Streaming in Prefect: contributor HQ

Explore

Notes

Contrib meetings
Contrib meetings

Contrib meeting 7/15/2020

What are some base assumptions based on the use cases of those present?

- AC: mobile games, we get a bunch of events coming in

pipeline now is Google Cloud using Dataflow to process it and PubSub as a messenger

streaming pipeline itself is incredibly straight forward

receive event

looks not gigantic/basic validation

strip a couple things out and add a couple things in

batch them into snowflake

simple point of view: tasks being able to represent

size: pretty small

speed: 10k m/s

does 'at least once' processing now

means that they have to deduplicate at the end

- AH: our flows have a batch mode and a real time mode

decompressed images: numpy arrays of ~20MB, up to 10k we map over

control flow in between; depth first

currently have issue on dask because of out of memory issues

some of their nodes are actors

one image is the data structure of a bag, and sequence of them, and process them in terms of actors (remember at this point in time the bag was here, now its there)

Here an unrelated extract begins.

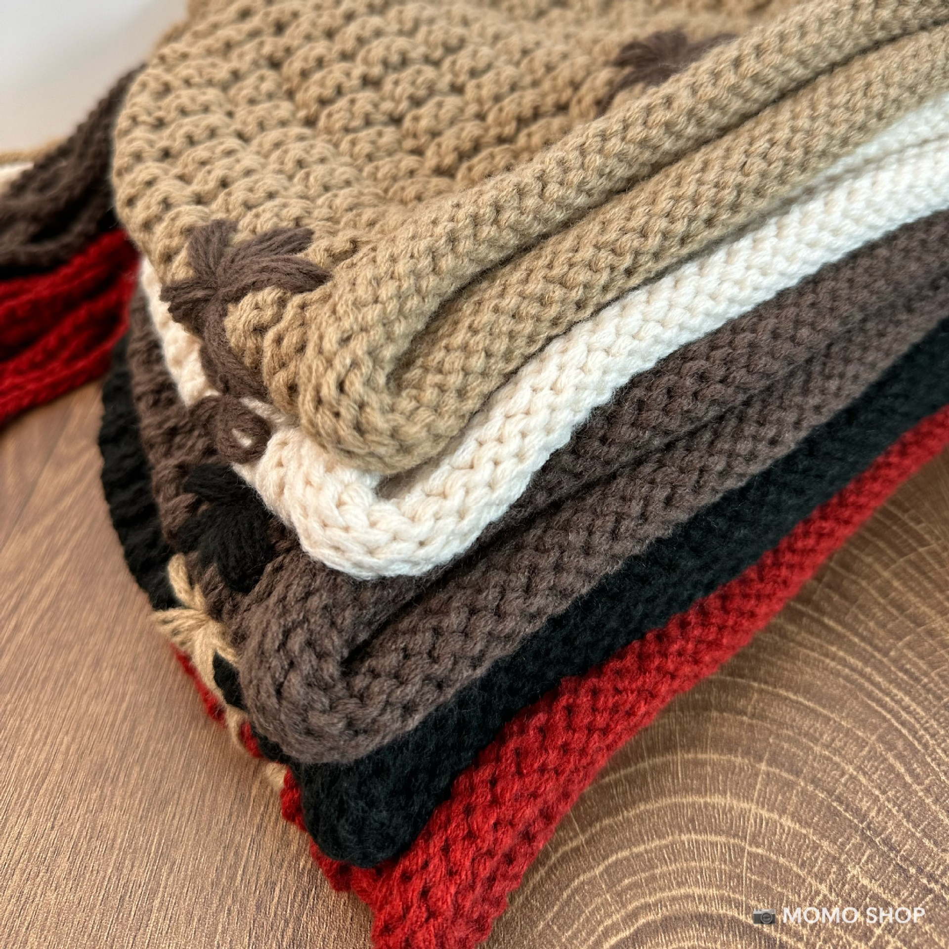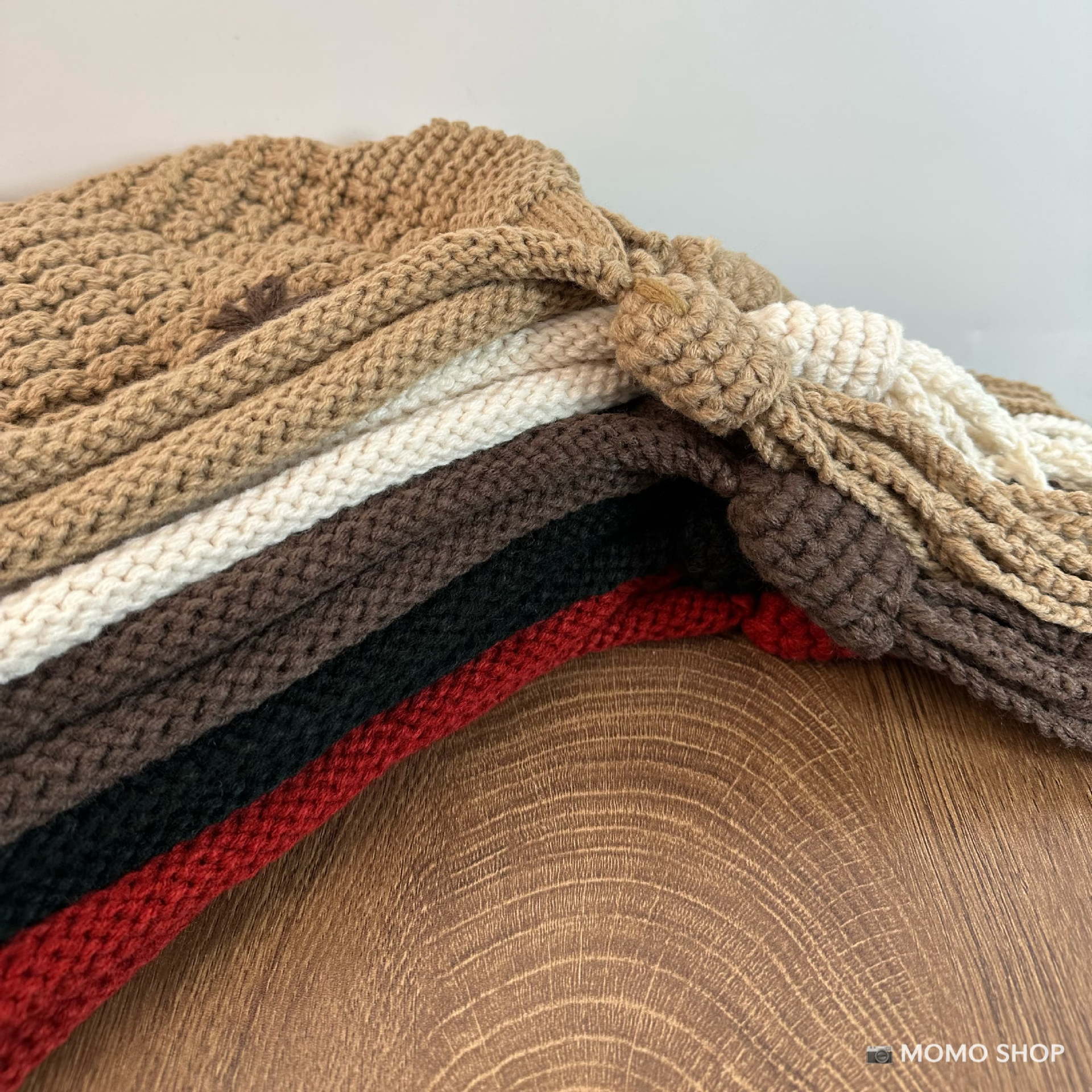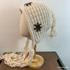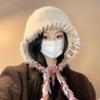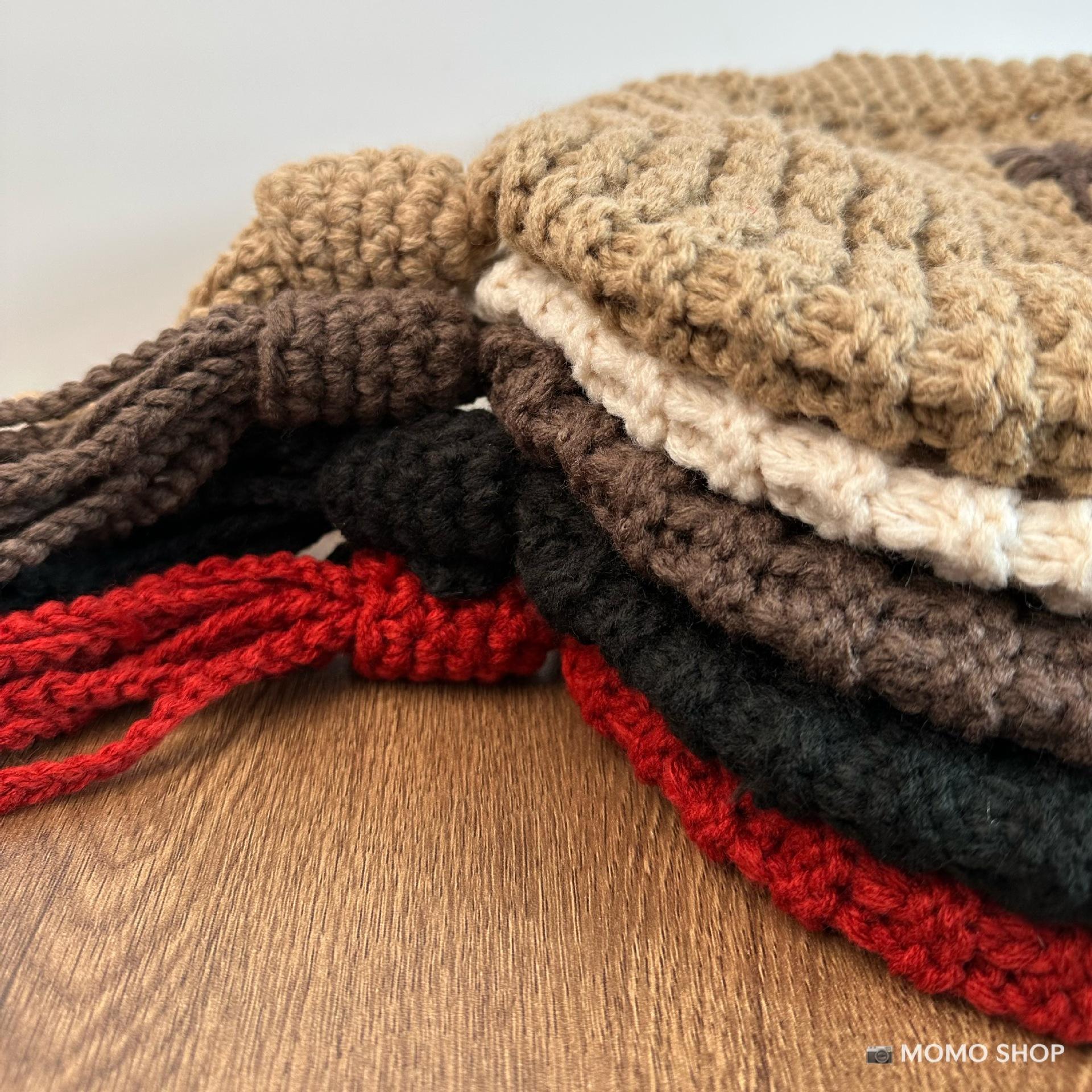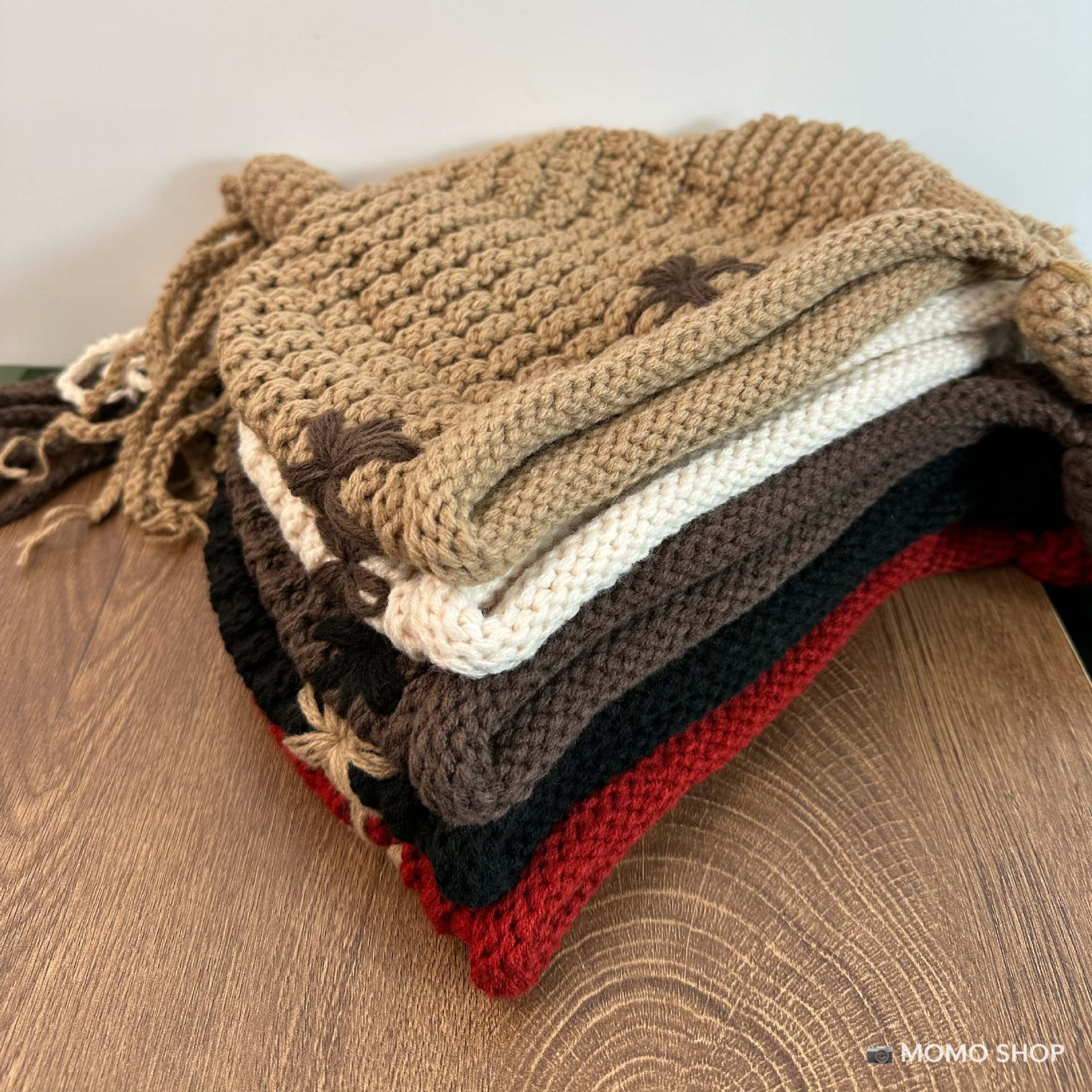 Gorro hecho a mano ~ Gorro de lana con borlas y flores tejidas para mujer, otoño e invierno, cálido, con trenza pequeña y protección para las orejas.

when we do video handling, our sources are async sources

frequency of updates is 20fps - the overhead can't be more than a millisecond for invoking 10 nodes

was playing a lot with `streamz`

his vision is that the topology that you can define in Prefect could be transformed into a `streamz` stream, because it is lightweight and has asyncronous function support

currently: cache everything in the graph that we know is the same between run to run to avoid

JC:

thinking of it more as an 'infinite map', and kicking off downstream parts of the flow

poll or a push model for the event source

push model is the same as hitting the API

it's a webhook

if it's something that is listening for streaming events

brain wants to think of it more as a map

constantly running, and we may do things more dowwnstream of it

AH: re: logging/browsing

flow run per event would be impossible to manage it, because we prefer

useful aspects of inner-flow conditionals and triggers exists for free

potential research route: can we get Prefect into streamz? with a really slim flow

StreamFlowRunner?

backpressure

if your producer is producing faster than your consumer, we need to be able to throttle it at some level however it is involved

how much of this is Prefect’s problem, and where to do we put the limiting?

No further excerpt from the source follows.